Puccini’s ‘Turandot’ opens Lyric season

Soprano Andrea Gruber, who starred in the title role of Puccini’s “Turandot” as Lyric Opera of Chicago began its 2006-07 season, loves the part so much that she has the opening words and notes of her character’s first aria tattooed on her lower back.

It’s good someone loves the Chinese ice princess so much — because she’s definitely a hard person to like.

People love “Turandot,” the opera, just fine, and Saturday night’s audience proved it with cheers. But Turandot, the character, is another matter. If nothing else, her habit of having suitors beheaded makes her a bit daunting.

And Turandot, the role, doesn’t appeal to many sopranos. It’s considered the roughest Puccini ever wrote for a woman. Turandot sings for only about 25 minutes, but she has to do so with a power approaching that needed for some Wagnerian roles — and in the highest reaches of her range. Many sopranos noted in the role, such as the late Birgit Nilsson, have had the vocal power to handle it, but have lacked the physical allure and the acting skills to humanize Turandot effectively — if it can be done at all.

That’s what made Gruber’s triumph Saturday night more than just a vocal one. Slimmed down and showing no ill effects from her recent spinal surgery, she looked good enough you could almost understand how tenor Vladimir Galouzine’s Prince Calaf could risk his life to win her love. She acted, too — and effectively.

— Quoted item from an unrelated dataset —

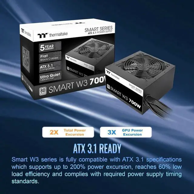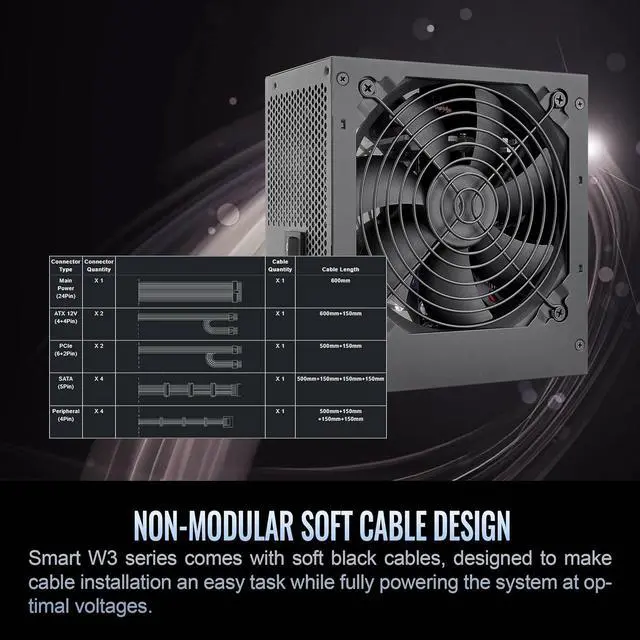 The Smart W3 series is certified by 80 PLUS efficiency and designed to meet ATX 3.1 standards, offering 500W, 600W, and 700W options. It's perfect for budget-conscious users seeking an efficient and reliable entry-level power supply, backed by a solid 5-year warranty. Ultra-quiet 120mm cooling fan delivers excellent airflow at an exceptionally low noise level. P/N: P223S-SPW-0700NNFAWU-1 Model: SP3-700AH2NLW Type: Analog Watts: 700W Color: Black Dimensions: 150mm(W)x86mm(H)x140mm(D) PFC (Power Factor Correction): Active PFC Power Good Signal: 100-150 msec Hold Up Time: 17msec at 80% load Input Current: 12A - 6A Input Frequency Range: 50Hz/60Hz Input Voltage: 100-240V Operating Temperture: 5°C to + 40°C Operating Humidity: 20% to 85% Storage Temperture: -40°C to + 55°C Storage Humidity: 10% to 95% Cooling System: 12cm FDB Fan Efficiency: Meet 80 PLUS® at 115Vac input. MTBF: 100 Safety Approval: CB/FCC/cTUVus/ICES/UKCA/CE/LVD/RCM PCI-E 6+2PIN: 2 Protection: OCP/OVP/UVP/OPP/OTP/SCP

One of the Turandots of the early days, the late Dame Eva Turner, insisted that the princess’s overriding emotion was fear. Gruber appeared to take that to heart. Although she was hampered facially by her stylized Chinese court makeup, the soprano managed to use posture and head movements to convey an overall sense of fear. There was fear of Calaf, fear of sexual awakening, and even fear of her own cruelty.

The problems of “Turandot” go back to the opera’s beginnings. It wasn’t quite finished when Puccini died in 1924, and the task of completing it went to a lesser-known composer named Franco Alfano, whose ending disappointed many critics. At its premiere in 1926, conductor Arturo Toscanini famously stopped it with the last notes Puccini himself had written.

Puccini’s last completed scene involved the suicide of the slave girl Liu, who stabs herself to avoid revealing the name of Calaf, whom she secretly loves herself. Her sacrifice enables the prince to win the hand of Turandot, but it’s a hard act for the other principals to follow. Perhaps Puccini could have pulled it off, but it’s generally conceded that Alfano didn’t quite manage.

Liu, who was beautifully sung and acted by American soprano Patricia Racette, has a tendency to steal the show emotionally. It’s to Gruber’s great credit that she could hold her own after Liu’s death.

As Calaf, the Russian Galouzine was a good match for Gruber. He looked the part of the exiled Tartar prince, and his dark tenor voice proved nimble enough to grab both high C’s in the riddle scene and to seize the soaring finish of the opera’s best-known aria, “Nessun dorma.”

Although “Turandot” has a Chinese setting (and after many years of being banned there is now highly popular in the People’s Republic), the only Chinese singer in the production was bass Hao Jiang Tian, and he played one of the few non-Chinese parts, that of Calaf’s father, King Timur.

In truth, “Turandot” is Chinese on the surface, but thoroughly European at the core. Puccini did, however, incorporate Chinese folk tunes in his score, and used loud pentatonic xylophone riffs at crucial moments to create an Asian atmosphere.

Lyric artistic director emeritus Bruno Bartoletti conducted the many-layered score because the current music director, Sir Andrew Davis, is recuperating from surgery.